Край безоблачной ясности

Фуэнтес Карлос

Карлос Фуэнтес — известный мексиканский писатель. Место действия романа — город Мехико, чья грандиозность, пестрота и многолюдье дают возможность писателю показать людей самых разных социальных слоев Мексики. Многие страницы романа посвящены событиям мексиканской революции 1910–1917 гг. Роман переводится на русский язык впервые.

ПРЕДИСЛОВИЕ

«Это — ужасно», «Это — гениально», «Это — не роман», — такими возгласами был встречен первый роман тридцатилетнего писателя Карлоса Фуэнтеса «Край безоблачной ясности», появившийся в 1958 году. В истории мексиканской прозы, пожалуй, не было еще произведения, которое вызвало бы столь бурную читательскую реакцию, столь сильный общественный резонанс. Роман ошарашивал дерзкой экспериментальностью, отвергал традиции и каноны жанра. Это была взрывчатка, заложенная под пьедестал порядка, приличий, казенной фразеологии. Да и само произведение, рассыпающееся на куски, с оборванными связями, было похоже на хаотическую груду, остающуюся после взрыва. Конечно, многое объяснялось молодостью автора, упорно искавшего новых средств изображения и не боящегося разрушать традиционные формы. Но своей дисгармоничностью книга Фуэнтеса обязана прежде всего кричащей дисгармонии действительности, в ней отразившейся.

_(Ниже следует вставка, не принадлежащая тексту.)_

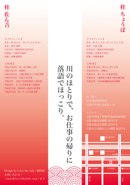 【 10月20日(金)第四回 中之島深夜寄席 】のご案内 お仕事帰りに、初秋の夜長はぜひ落語で! (第五回:2018年1月26日(金)に決定!) ■出演:桂佐ん吉・桂ちょうば ■日時:10月20日(金)第一部20時〜・第二部21時〜(各回50分) ■場所:中之島SPINNING(受付2F・会場3F)大阪市中央区北浜2-1-14 ■料金:第一部1500円・第二部700円・二部通し2000円 きもの割引200円 ■当日受付のみ自由席 https://www.facebook.com/events/178539539369317/ #中之島深夜寄席 #深夜寄席 #桂佐ん吉 #桂ちょうば #落語 #上方落語 #中之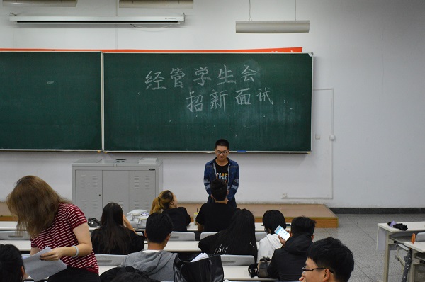 9月24日19时整,tyc234cc 太阳成集团团委、学生会、宣传中心及学习指导中心于N楼301室和302室进行招新面试。全体大三学生干部作为面试官,经管学院新生参加面试。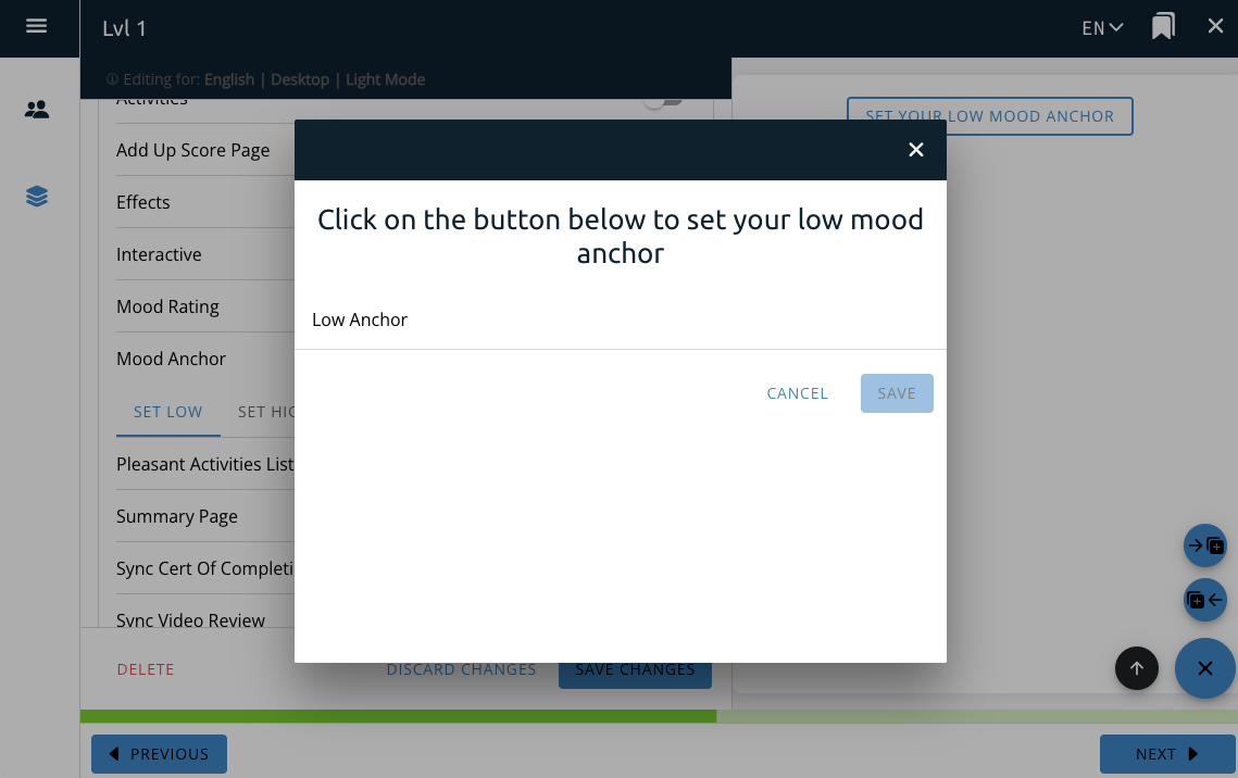 The Mood Anchor feature interacts with the Mood Anchor course option and provides a button on the page for the user to directly interact with the Mood Anchor functionality.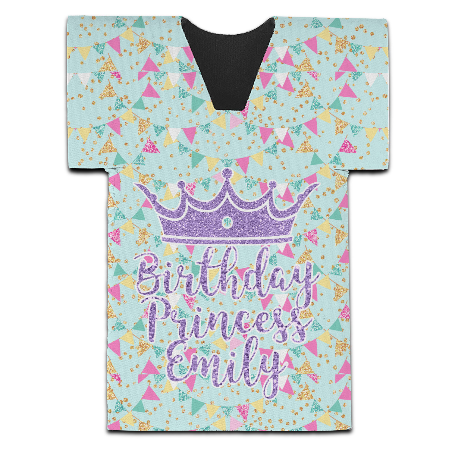 This design is bursting with fun! The background is a cool mint with brightly colored banners and confetti. The main graphic is a quote that says "Birthday Princess [Name Here]." This quote is filled with a fun glittery texture and can easily be changed to other fun patterns and colors.

Писатель прорубается в толщу этой действительности, владея богатым инструментарием. Он выступает и как художник, обладающий мастерством реалистической живописи, и как поэт, отдающийся потоку образов, и как историк, прочерчивающий вехи национального развития, и как мыслитель, тяготеющий к философским концепциям. Но прежде всего он — мексиканец, жаждущий открыть Мексику, постигнуть и выразить ее сокровенную суть.

Карлос Фуэнтес родился в 1928 году. Это было время, когда страна еще дышала неостывшим жаром недавно отгремевшей революции. Мексиканская революция 1910 года, первая в XX веке революция в Западном полушарии, являла собой могучий социальный взрыв, который смел диктатуру Порфирио Диаса и господство феодальной власти. Однако стихийность, присущая крестьянскому движению, отсутствие единства и четкой программы привели к тому, что наиболее радикальные течения мексиканской революции не смогли победить.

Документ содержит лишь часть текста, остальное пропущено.